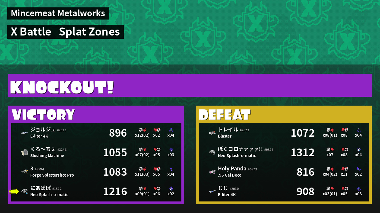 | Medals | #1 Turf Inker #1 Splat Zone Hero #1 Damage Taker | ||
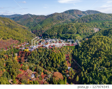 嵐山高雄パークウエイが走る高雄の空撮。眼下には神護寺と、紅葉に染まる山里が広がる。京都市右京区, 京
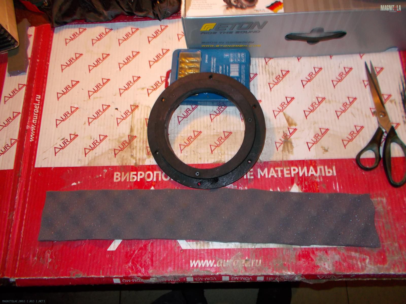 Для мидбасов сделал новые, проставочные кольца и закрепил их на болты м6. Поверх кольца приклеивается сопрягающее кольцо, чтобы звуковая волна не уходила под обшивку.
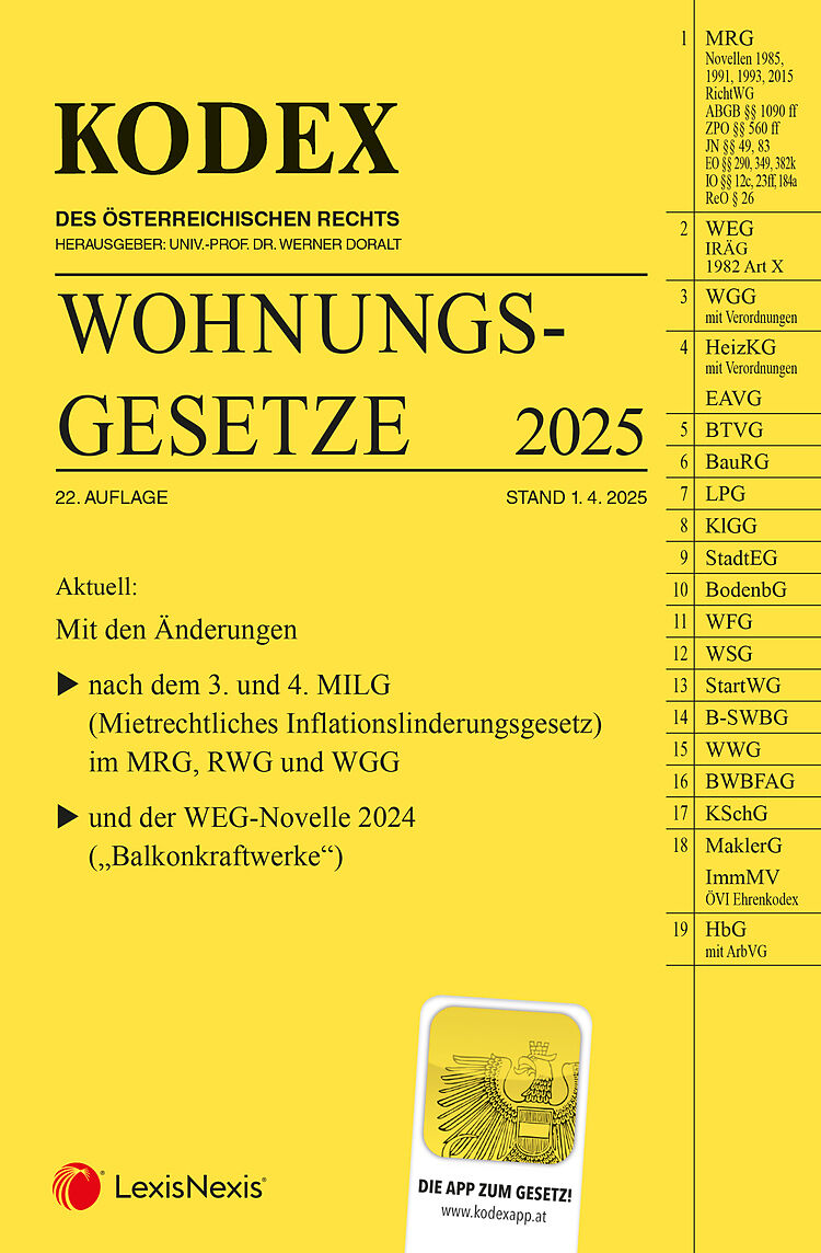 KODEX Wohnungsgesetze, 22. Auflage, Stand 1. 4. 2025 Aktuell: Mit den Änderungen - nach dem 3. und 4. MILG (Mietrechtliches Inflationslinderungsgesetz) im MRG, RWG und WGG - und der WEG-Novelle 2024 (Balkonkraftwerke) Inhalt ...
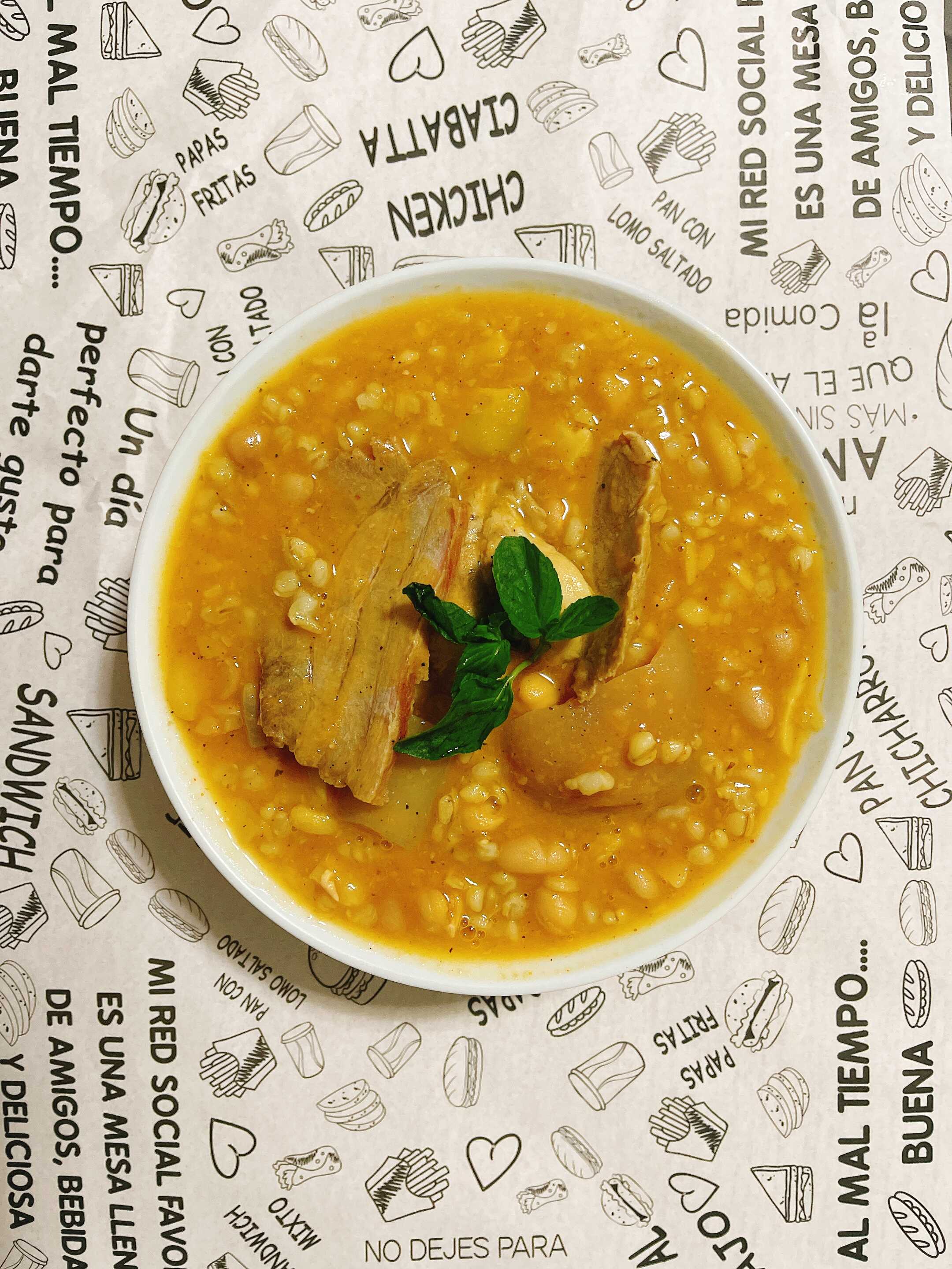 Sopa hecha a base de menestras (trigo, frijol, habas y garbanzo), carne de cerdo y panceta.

************

Directions for this task. Set the entries down again exactly. Do not include the images.

Answer space.
 | Medals | #1 Turf Inker #1 Splat Zone Hero #1 Damage Taker | ||
 嵐山高雄パークウエイが走る高雄の空撮。眼下には神護寺と、紅葉に染まる山里が広がる。京都市右京区, 京
 Для мидбасов сделал новые, проставочные кольца и закрепил их на болты м6. Поверх кольца приклеивается сопрягающее кольцо, чтобы звуковая волна не уходила под обшивку.
 KODEX Wohnungsgesetze, 22. Auflage, Stand 1. 4. 2025 Aktuell: Mit den Änderungen - nach dem 3. und 4. MILG (Mietrechtliches Inflationslinderungsgesetz) im MRG, RWG und WGG - und der WEG-Novelle 2024 (Balkonkraftwerke) Inhalt ...
 Sopa hecha a base de menestras (trigo, frijol, habas y garbanzo), carne de cerdo y panceta.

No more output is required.